Output exactly the lines of the listing below that run from the line with "なし | 車検制限 | R7年7月19月 |" through the line with "- Bad mit Regendusche, zwei". No pictures.

*** Opening of Records to use ***

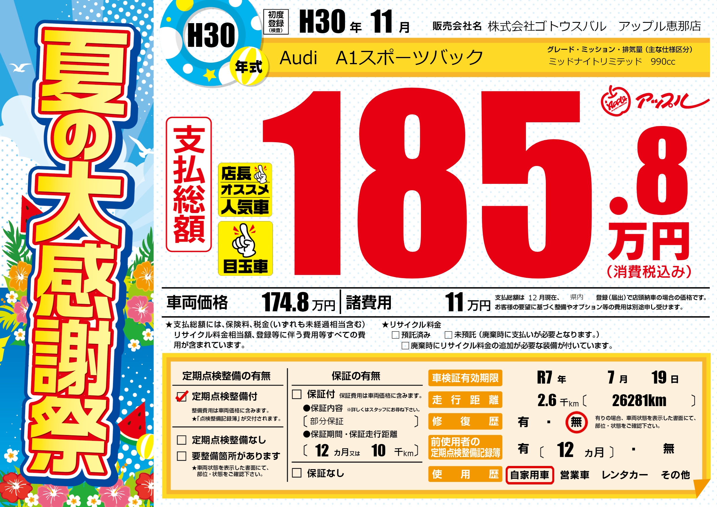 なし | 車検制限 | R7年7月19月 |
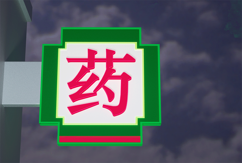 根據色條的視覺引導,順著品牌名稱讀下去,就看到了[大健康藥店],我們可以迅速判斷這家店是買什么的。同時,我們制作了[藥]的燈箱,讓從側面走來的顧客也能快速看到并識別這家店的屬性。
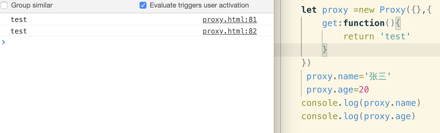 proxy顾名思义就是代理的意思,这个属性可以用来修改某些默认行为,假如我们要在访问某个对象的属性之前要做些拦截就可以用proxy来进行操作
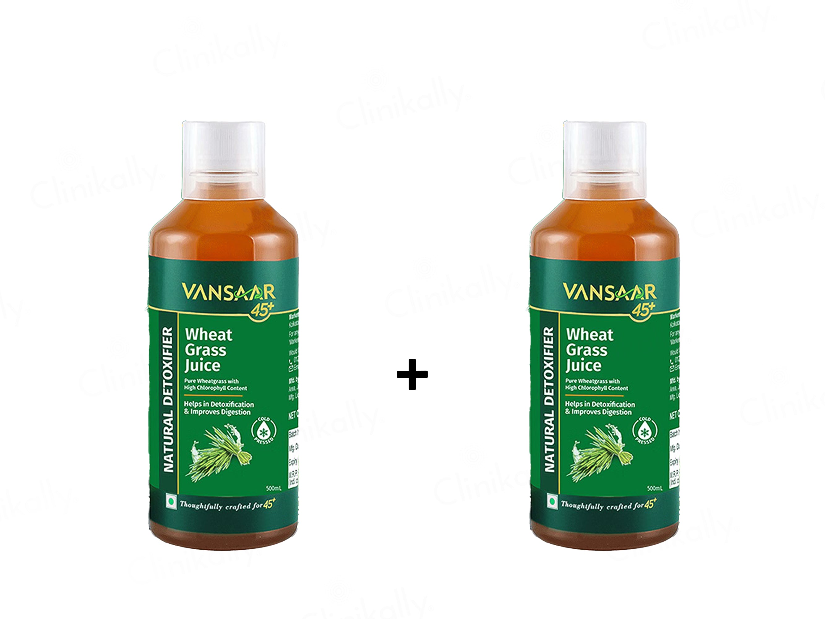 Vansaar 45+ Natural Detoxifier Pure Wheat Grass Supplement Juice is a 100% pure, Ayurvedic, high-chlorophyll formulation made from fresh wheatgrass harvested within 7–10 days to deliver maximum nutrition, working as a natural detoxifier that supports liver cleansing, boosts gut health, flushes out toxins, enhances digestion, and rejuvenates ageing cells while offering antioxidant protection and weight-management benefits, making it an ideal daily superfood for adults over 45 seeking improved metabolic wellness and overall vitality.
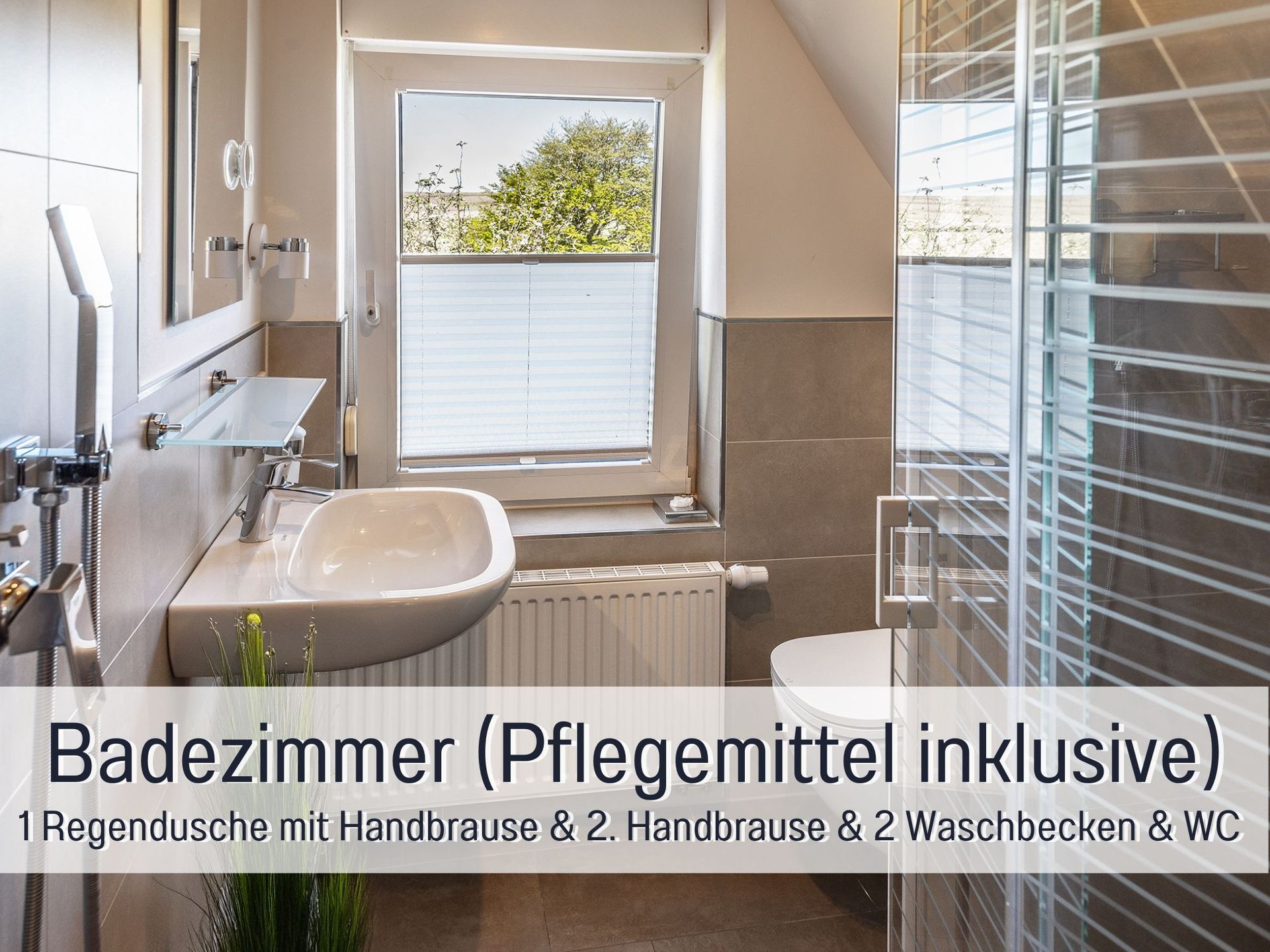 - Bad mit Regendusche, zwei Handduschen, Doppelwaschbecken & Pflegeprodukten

*** Close of Records to use ***
*** Opening of Records to use ***

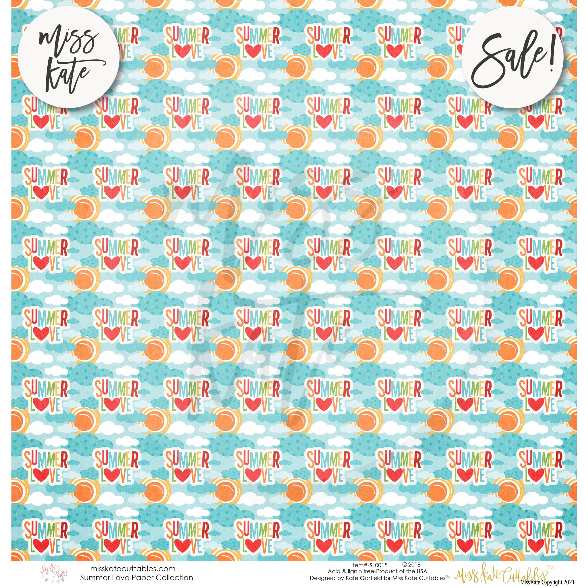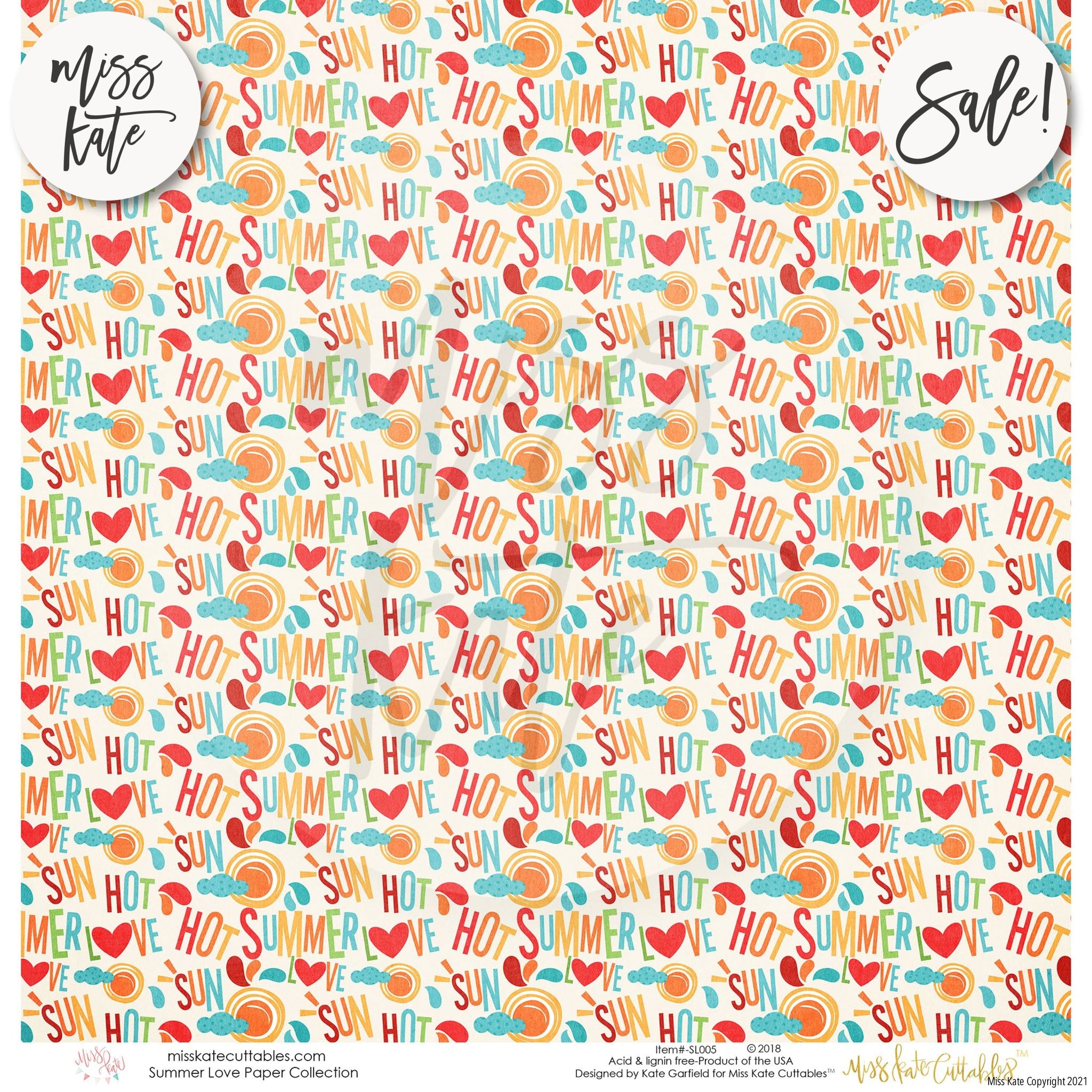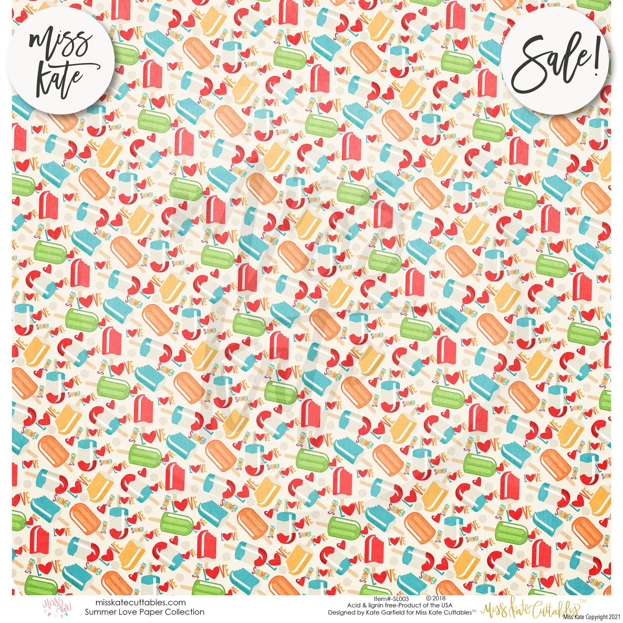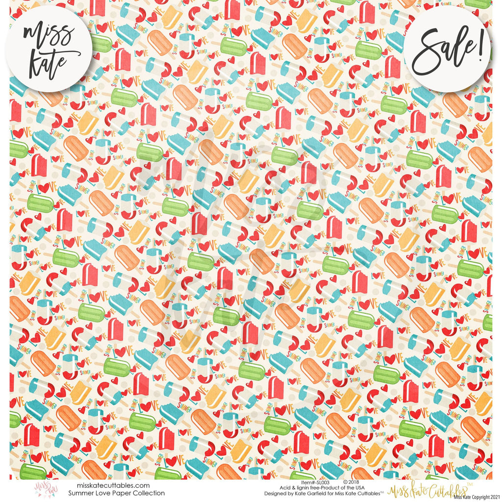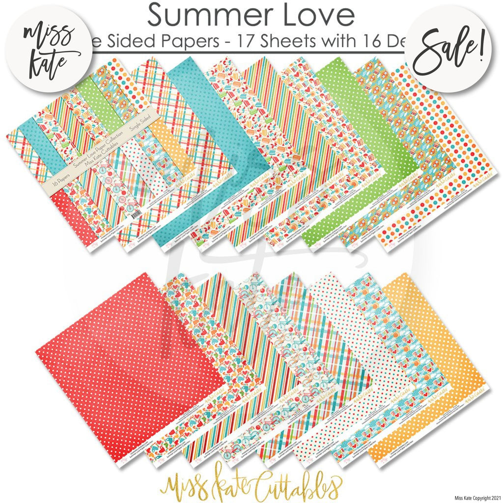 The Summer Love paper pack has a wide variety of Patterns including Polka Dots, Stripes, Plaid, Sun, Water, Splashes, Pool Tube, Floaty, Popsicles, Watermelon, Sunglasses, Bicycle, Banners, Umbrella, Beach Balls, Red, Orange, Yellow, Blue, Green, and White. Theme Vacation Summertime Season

*** Close of Records to use ***

(Exercise solution):
 なし | 車検制限 | R7年7月19月 |
 根據色條的視覺引導,順著品牌名稱讀下去,就看到了[大健康藥店],我們可以迅速判斷這家店是買什么的。同時,我們制作了[藥]的燈箱,讓從側面走來的顧客也能快速看到并識別這家店的屬性。
 proxy顾名思义就是代理的意思,这个属性可以用来修改某些默认行为,假如我们要在访问某个对象的属性之前要做些拦截就可以用proxy来进行操作
 Vansaar 45+ Natural Detoxifier Pure Wheat Grass Supplement Juice is a 100% pure, Ayurvedic, high-chlorophyll formulation made from fresh wheatgrass harvested within 7–10 days to deliver maximum nutrition, working as a natural detoxifier that supports liver cleansing, boosts gut health, flushes out toxins, enhances digestion, and rejuvenates ageing cells while offering antioxidant protection and weight-management benefits, making it an ideal daily superfood for adults over 45 seeking improved metabolic wellness and overall vitality.
 - Bad mit Regendusche, zwei Handduschen, Doppelwaschbecken & Pflegeprodukten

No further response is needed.